Segment Open

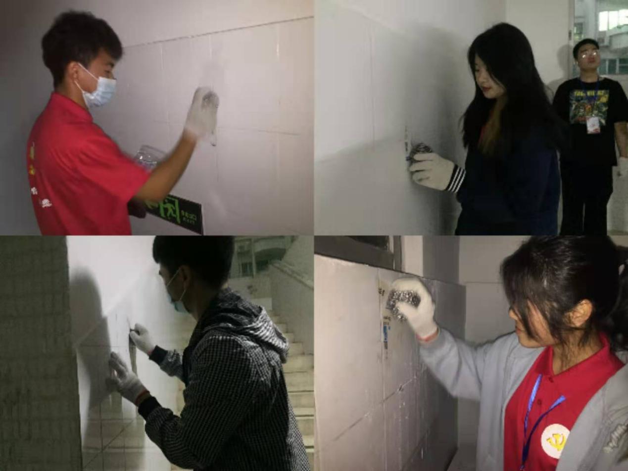 为了给同学们营造一个良好学习环境,进一步净化亮化学校容貌,彻底清除学校“小广告”,给同学们创造一个整洁优美,文明有序的学习环境,国贸学院党总支党建小组于2020年12月29日17:30,在国贸学院党总支书记隗波扬老师和第二党支部书记刘伟鑫老师以及党建小组指导老师陈晓薇老师的带领下来到12、13栋女生宿舍楼,进行了清理宿舍小广告行动。
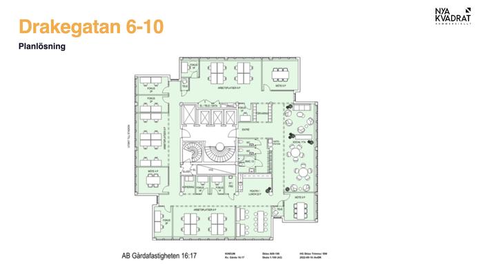 Man når kontoret via husets mysiga entrévåning där det finns bar, restauranger, eldstad och pingisbord. Fredagens After Work finns i huset så man knappt lämna byggnaden. Det finns också möjlighet att hyra halva lokalen med en flexibelt avtalsperiod.
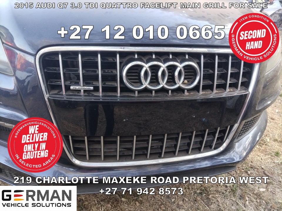 Audi Q7 3.0 tdi quattro facelift front main grill for sale the main grill from a 2015 Audi Q7 3.0 tdi quattro facelift is now available. this stylish Audi Q7 front grill gives your vehicle that bold and clean factory finish. it's the exact fit for the Audi Q7 facelift model, des...
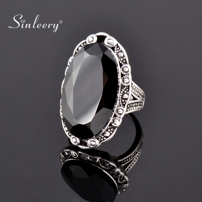 SINLEERY Vintage Big Black Oval Stone Rings For Women Size 6 7 8 9 10 Antique Silver Color Jewelry Anel Jz516 SSF
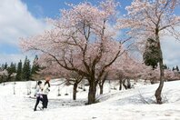 春と冬の共演…「雪上桜」満開!魚沼市の福山峠に100本以上、この絶景が見られる一般観桜は4月25日まで
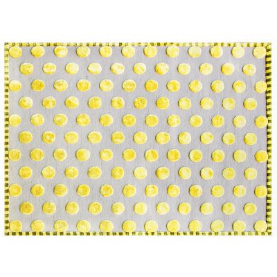 Connect the dots (literally!) with this 8′ x 10′ rug made of New Zealand wool with viscose that features a tufted and sheared pattern of chartreuse dots, trimmed with a striped border.
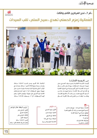 البالغــة 101كلــم ،بزمــن قــدره 3:22:57ســاعة، دبي (فروسية الإمارات)
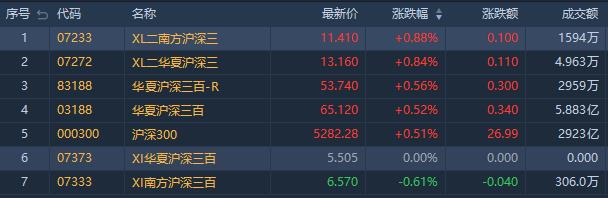 滬深300指數收漲0.51%。其中,華夏滬深三百-R(83188.HK)漲0.56%,成交額2959萬港元;華夏滬深三百ETF(03188.HK)漲0.52%,成交額5.88億港元。
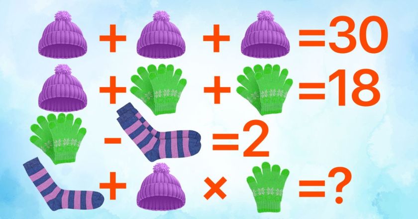 Находим значение шапки, 30 / 3 = 10. Идем далее и находим рукавички. (18 — 10) / 2 = 4. А одна рукавичка будет равняться 2. В третьем примере находим значение носков. Для этого 4 — 2 = 2, а один носок равен 1. Последний пример выглядит таким образом: 1 + 10 * 2 = 21.
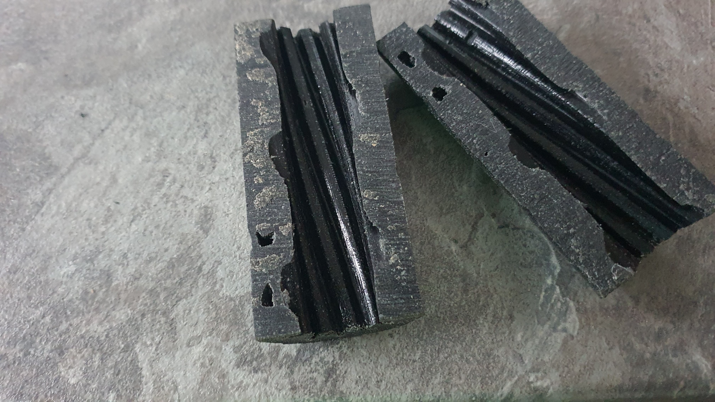 Und hier die zersägten Hälfte. Die Spirale ist klasse geworden. So hatte ich mir das gedacht.
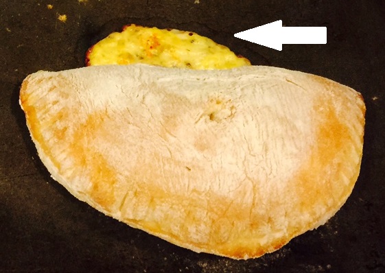 UPDATE: I’ve just discovered an even better method to prevent leakage: form 12 oblong cheese balls from the filling, place on waxed paper, and freeze. Place frozen balls on dough circles, wet edges with water, and fold dough over cheese ball, being careful not to poke the frozen cheese through the dough.
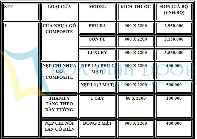 III. Bảng giá cửa nhựa Composite tại Thủ Đức:
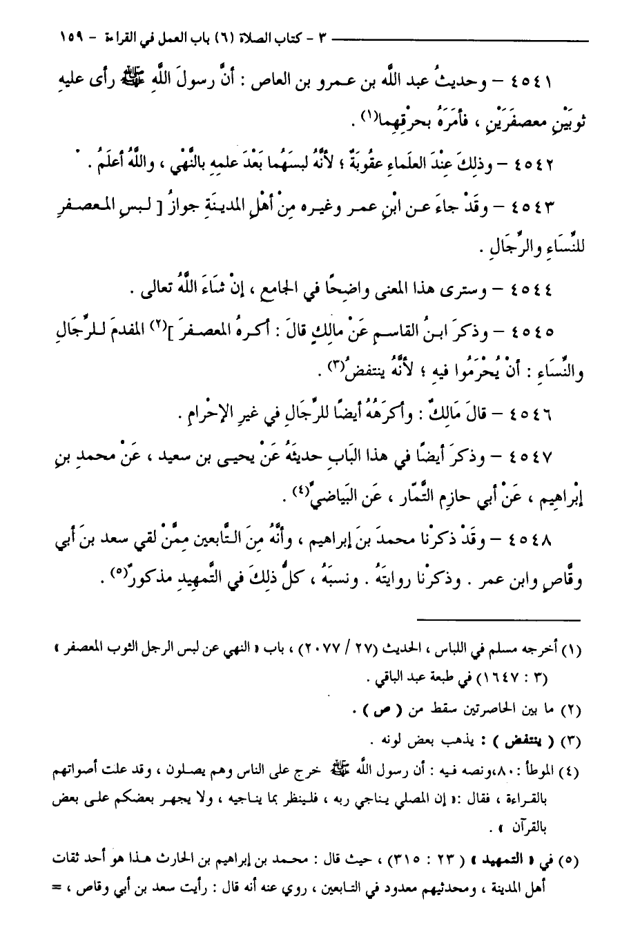 4543 - وَقَدْ جَاءَ عَنِ ابْنِ عُمَرَ وَغَيْرِهِ مِنْ أَهْلِ الْمَدِينَةِ - جَوَازُ لُبْسِ الْمُعَصْفَرِ لِلنِّسَاءِ وَالرِّجَالِ.
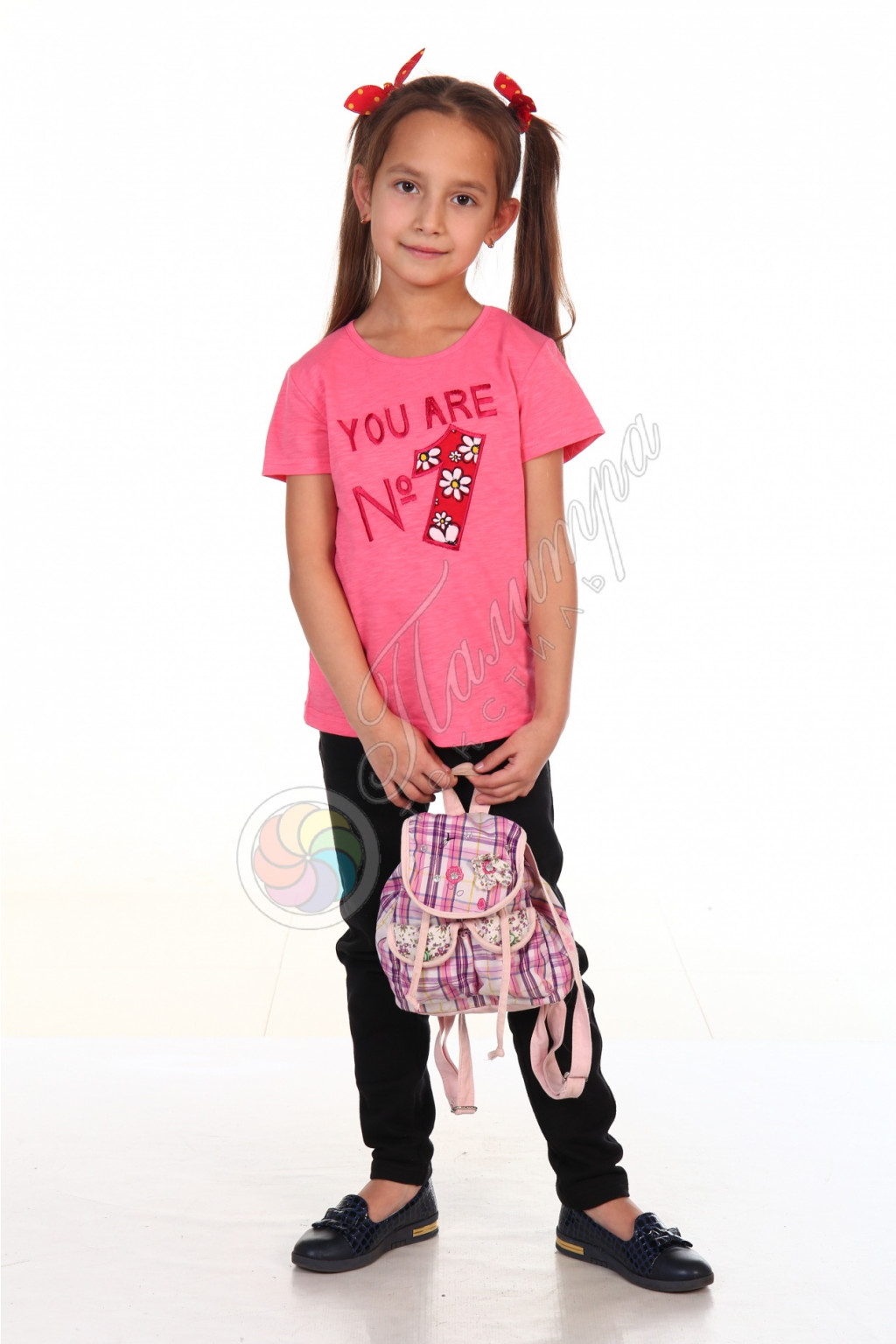 Стильная футболка для девочки из кулирки. Вышивка "Ты No1" станет настоящим девизом для красавиц!
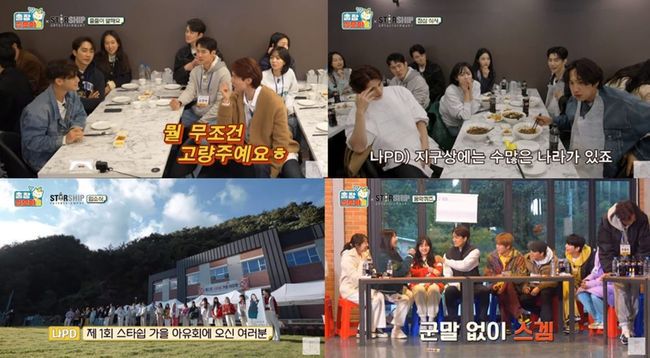 출발 전 스타쉽 소속 스타들이 한 자리에 차례로 모였다. 몬스타엑스, 우주소녀, 크래비티, 아이브를 비롯 배우 1팀 송승헌, 김범, 류혜영, 신승호, 2팀 이동욱, 이광수, 채수빈, 손우현, 솔로 팀 케이윌, 정세운으로 팀이 꾸려졌다.
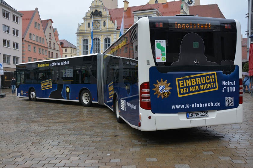 Das Polizeipräsidium Oberbayern-Nord startete im Jahr 2016 in Kooperation mit der Stadt Ingolstadt und den Ingolstädter Verkehrsbetrieben ein gemeinsames Präventions-Projekt zum Thema Einbruchschutz (Foto unten). Seit über zwei Jahren ist seither ein graphisch auffällig gestalteter INVG-Linienbus mit der Aufschrift "Einbrecher schlafen nicht" auf öffentlichen Nahverkehrsstrecken im Raum Ingolstadt unterwegs, um ganzjährige Präsenz in der Bevölkerung zu zeigen und Interesse am Einbruchschutz zu wecken. Ziel ist es nach Angaben der Beamten, möglichst viele Nutzer auf die kostenlosen Beratungsmöglichkeiten ("Wie sie ihr Heim besser schützen können") hinzuweisen.
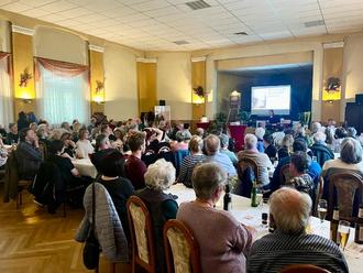 Viel mehr Menschen hätten am 11.04.2025 nicht in den geschichtsträchtigen Saal des Gasthauses „Unter den Linden“ in Komptendorf hineingepasst, als die Buchpremiere von Evelyn Weisers „Zeitreise durch Komptendorf/Górjenow“ stattfand. 120 Interessierte warteten gespannt darauf, die 351 Seiten umfassende Chronik des Kirchendorfes mit 16 Kapiteln und 661 Abbildungen in den Händen zu halten. Evelyn Weiser eröffnete ihre Präsentation mit einem Foto aus dem Jahre 1928, welches ebenfalls im Komptendorfer Saal aufgenommen wurde.
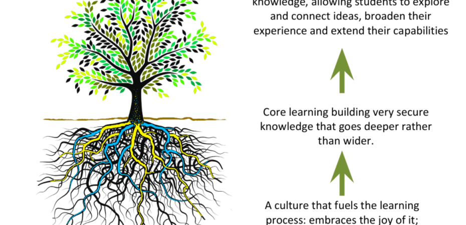 However – crucially – you can’t grow tall by missing out the structural element of the process. We can’t go from the roots to the canopy without a strong structural system to hang everything on. Everything I’ve read about learning confirms this sense that knowledge accumulates, building on prior learning with retrieval improving with practice; with higher level skills building on a secure knowledge base within specific domains; with creativity in various domains being informed by a rich knowledge base. There are no short-cuts. Of course, some knowledge can be gained experientially or informally – such as with jamming on a guitar instead of having lessons (my knowledge of guitar chords is all about shapes and sounds; I don’t know much about notes and keys; I’ve never had a lesson – but I can play and compose.) But this kind of physical learning doesn’t apply to a lot of important concept-based curriculum areas. The knowledge has to be taught – especially if you want children to be able to stand on the shoulders of giants.
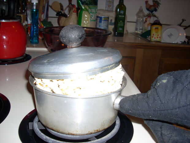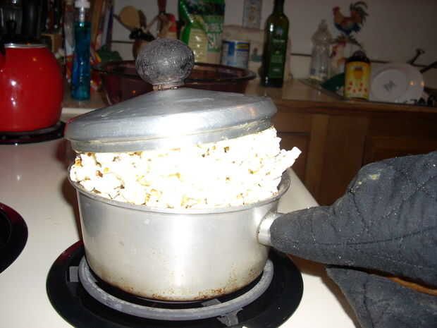 Como una nota aquí, usted notará que el maíz hecho estallar levanta la tapa de mi olla. No dude en utilizar una olla con los lados más altos así que esto no va a suceder a usted. Suceden como este bote tanto que puedo pasar por alto sus lados cortos.

Segment Closed

◆ Activity:
Copy the data above line for line, skipping every picture.

◆ Response for this exercise:
 为了给同学们营造一个良好学习环境,进一步净化亮化学校容貌,彻底清除学校“小广告”,给同学们创造一个整洁优美,文明有序的学习环境,国贸学院党总支党建小组于2020年12月29日17:30,在国贸学院党总支书记隗波扬老师和第二党支部书记刘伟鑫老师以及党建小组指导老师陈晓薇老师的带领下来到12、13栋女生宿舍楼,进行了清理宿舍小广告行动。
 Man når kontoret via husets mysiga entrévåning där det finns bar, restauranger, eldstad och pingisbord. Fredagens After Work finns i huset så man knappt lämna byggnaden. Det finns också möjlighet att hyra halva lokalen med en flexibelt avtalsperiod.
 Audi Q7 3.0 tdi quattro facelift front main grill for sale the main grill from a 2015 Audi Q7 3.0 tdi quattro facelift is now available. this stylish Audi Q7 front grill gives your vehicle that bold and clean factory finish. it's the exact fit for the Audi Q7 facelift model, des...
 SINLEERY Vintage Big Black Oval Stone Rings For Women Size 6 7 8 9 10 Antique Silver Color Jewelry Anel Jz516 SSF
 春と冬の共演…「雪上桜」満開!魚沼市の福山峠に100本以上、この絶景が見られる一般観桜は4月25日まで
 Connect the dots (literally!) with this 8′ x 10′ rug made of New Zealand wool with viscose that features a tufted and sheared pattern of chartreuse dots, trimmed with a striped border.
 البالغــة 101كلــم ،بزمــن قــدره 3:22:57ســاعة، دبي (فروسية الإمارات)
 滬深300指數收漲0.51%。其中,華夏滬深三百-R(83188.HK)漲0.56%,成交額2959萬港元;華夏滬深三百ETF(03188.HK)漲0.52%,成交額5.88億港元。
 Находим значение шапки, 30 / 3 = 10. Идем далее и находим рукавички. (18 — 10) / 2 = 4. А одна рукавичка будет равняться 2. В третьем примере находим значение носков. Для этого 4 — 2 = 2, а один носок равен 1. Последний пример выглядит таким образом: 1 + 10 * 2 = 21.
 Und hier die zersägten Hälfte. Die Spirale ist klasse geworden. So hatte ich mir das gedacht.
 UPDATE: I’ve just discovered an even better method to prevent leakage: form 12 oblong cheese balls from the filling, place on waxed paper, and freeze. Place frozen balls on dough circles, wet edges with water, and fold dough over cheese ball, being careful not to poke the frozen cheese through the dough.
 III. Bảng giá cửa nhựa Composite tại Thủ Đức:
 4543 - وَقَدْ جَاءَ عَنِ ابْنِ عُمَرَ وَغَيْرِهِ مِنْ أَهْلِ الْمَدِينَةِ - جَوَازُ لُبْسِ الْمُعَصْفَرِ لِلنِّسَاءِ وَالرِّجَالِ.
 Стильная футболка для девочки из кулирки. Вышивка "Ты No1" станет настоящим девизом для красавиц!
 출발 전 스타쉽 소속 스타들이 한 자리에 차례로 모였다. 몬스타엑스, 우주소녀, 크래비티, 아이브를 비롯 배우 1팀 송승헌, 김범, 류혜영, 신승호, 2팀 이동욱, 이광수, 채수빈, 손우현, 솔로 팀 케이윌, 정세운으로 팀이 꾸려졌다.
 Das Polizeipräsidium Oberbayern-Nord startete im Jahr 2016 in Kooperation mit der Stadt Ingolstadt und den Ingolstädter Verkehrsbetrieben ein gemeinsames Präventions-Projekt zum Thema Einbruchschutz (Foto unten). Seit über zwei Jahren ist seither ein graphisch auffällig gestalteter INVG-Linienbus mit der Aufschrift "Einbrecher schlafen nicht" auf öffentlichen Nahverkehrsstrecken im Raum Ingolstadt unterwegs, um ganzjährige Präsenz in der Bevölkerung zu zeigen und Interesse am Einbruchschutz zu wecken. Ziel ist es nach Angaben der Beamten, möglichst viele Nutzer auf die kostenlosen Beratungsmöglichkeiten ("Wie sie ihr Heim besser schützen können") hinzuweisen.
 Viel mehr Menschen hätten am 11.04.2025 nicht in den geschichtsträchtigen Saal des Gasthauses „Unter den Linden“ in Komptendorf hineingepasst, als die Buchpremiere von Evelyn Weisers „Zeitreise durch Komptendorf/Górjenow“ stattfand. 120 Interessierte warteten gespannt darauf, die 351 Seiten umfassende Chronik des Kirchendorfes mit 16 Kapiteln und 661 Abbildungen in den Händen zu halten. Evelyn Weiser eröffnete ihre Präsentation mit einem Foto aus dem Jahre 1928, welches ebenfalls im Komptendorfer Saal aufgenommen wurde.
 However – crucially – you can’t grow tall by missing out the structural element of the process. We can’t go from the roots to the canopy without a strong structural system to hang everything on. Everything I’ve read about learning confirms this sense that knowledge accumulates, building on prior learning with retrieval improving with practice; with higher level skills building on a secure knowledge base within specific domains; with creativity in various domains being informed by a rich knowledge base. There are no short-cuts. Of course, some knowledge can be gained experientially or informally – such as with jamming on a guitar instead of having lessons (my knowledge of guitar chords is all about shapes and sounds; I don’t know much about notes and keys; I’ve never had a lesson – but I can play and compose.) But this kind of physical learning doesn’t apply to a lot of important concept-based curriculum areas. The knowledge has to be taught – especially if you want children to be able to stand on the shoulders of giants.
 Como una nota aquí, usted notará que el maíz hecho estallar levanta la tapa de mi olla. No dude en utilizar una olla con los lados más altos así que esto no va a suceder a usted. Suceden como este bote tanto que puedo pasar por alto sus lados cortos.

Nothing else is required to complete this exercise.